Binding mechanism of 4−octylphenol with human serum albumin: Spectroscopic investigations, molecular docking and dynamics simulation

Abstract

4−Octylphenol (OP) is an environmental estrogen that can enter organisms through the food chain and cause various toxic effects. Here, the interaction between OP and human serum albumin (HSA) was explored through multipectral, molecular docking and dynamics simulation. The results showed that OP and HSA formed a ground state complex through a static quenching mechanism, and the interaction was spontaneously driven by hydrogen bonds and hydrophobic interaction forces.
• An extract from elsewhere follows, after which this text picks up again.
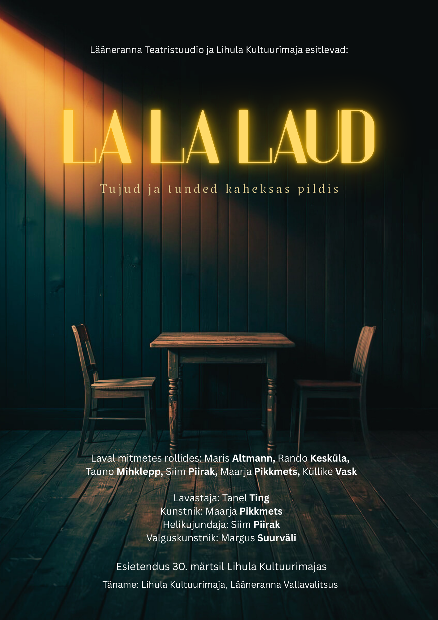 Lääneranna Teatristuudio lavastus “La La Laud” on loodud koos trupiga ja on esimene lavastus, mis publiku ette jõuab. Lavastuse loomisel ei olnud fookuses lugu, vaid näitlejad. Lavastajana proovisin pakkuda igale teatristuudio liikmele kogemust, millega saab tunda peategelase rolli ja nii sündis ka lavastus, mis koosneb kaheksast erinevast lühikesest loost, kus iga näitleja saab kehastada mitut erinevat rolli. Läbi nende rollide sünnivad laval erinevad elulised lood, mis igaühele äratundmisrõõmu või -valu võiksid pakkuda.

The binding constant at different temperatures was measured to be on the order of 105 L mol−1. Site competition experiments suggested that OP interacted with amino acid residues Lys195, Cy245 and Cys246 located at the Sudlow site I of HSA, resulting in a more stretched protein peptide. The presence of OP increased the surface hydrophobicity of HSA, and reduced the content of α-helix in HSA by 3.4%. FT−IR spectra showed that OP interacted with the C=O and C-H groups of the polypeptide backbone. Molecular docking demonstrated that OP mainly bound to Site I of HSA and hydrogen bonds participated in the interaction. In addition, molecular dynamics simulations further explored the stability and dynamic behavior of the OP−HSA complex through RMSD, RMSF, SASA and Rg.